At five feet ten and a hundred and eighty-five pounds I’d have made a terrible lumberjack, but it amused me greatly when I heard Terry agree.

“Oh yeah, I remember now. Jesus me memory is going.” I guessed he went along with her story for a quiet life and Daisy gave him a look of disdain like she believed what she’d said herself.

“Where do you want me?” I asked trying to change the subject and distract them away from talking about me.

“Everywhere,” Daisy replied, then caught herself in her flirtatious comment. “I mean you’ll just float around the bar picking up glasses, and no talking to the women mind… you’re not being paid to crack on to the customers.”

A look of sarcasm passed between us because we both knew I wasn’t being paid for the work. I cast my eyes around the bar and there were only two couples in one corner, an old guy in a flat cap reading a newspaper, and three old dudes in their eighties with the customary green top hats with shamrocks on the front.

I got this.

Little did I know from the sedate appearance within the bar it was only the calm before the storm.

Placing the empty pint glasses on the bar counter, I turned when I heard the hustle and bustle as a group of ten, pretty, dolled-up females entered the bar. The commotion and level of conversation changed the dreary atmosphere immediately and it became clear from the get go they all knew Daisy well.

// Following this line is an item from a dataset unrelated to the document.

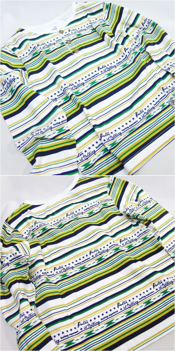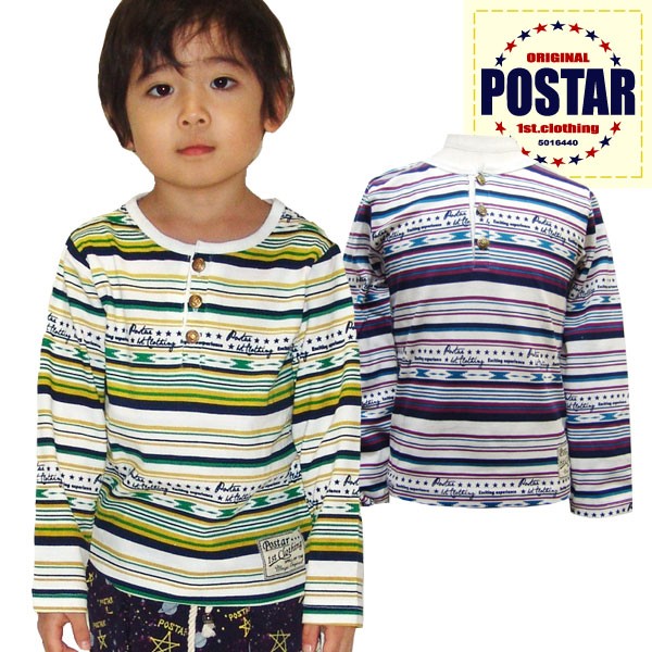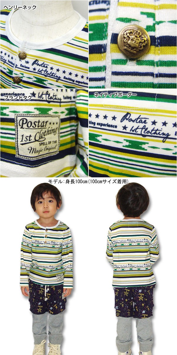 コメント:ボーダーがかっこいいヘンリーネックロンT!アウトドアコーデにおすすめ!※90cmは左肩スナップボタン付きです。

In the five minutes that followed they each complimented and praised each other on how they looked then ordered an array of exotic cocktail drinks.

“Feck me, who’s the hottie?” A small redheaded pixie-like girl asked Daisy.

“Her old pen-friend Barney,” Terry interjected.

“A pen-friend? Like you write snail mail and shit?”

Daisy shot her a glare. “Letter writing is a dying art, and as that’s how we began our friendship we chose to continue. We’re…close,” she snapped.

“Still… he’s only a pen-friend, right?” the small redhead insisted

“And he’s gay,” Daisy added when the woman devoured me with her eyes.

“Am not,” I replied quickly, and the small redhead smiled seductively in my direction.

“I'm Lianne. Now, if I’m not mistaken, our Daisy here doesn’t want us to get close to you. Any particular reason for that?”

I glanced to Daisy and the murderous look on her face was a picture. Staring into the eyes of a grizzly bear would have felt less threatening. Even though I hardly knew her, I’d seen the same pissed off, borderline, about-to-commit-murder in a woman’s eyes enough times to know where she was heading.

“I’m afraid I’m taken.” I gave Lianne a sad smile like I was sorry about that and saw Daisy exhale in a forced huff like she’d almost run out of oxygen.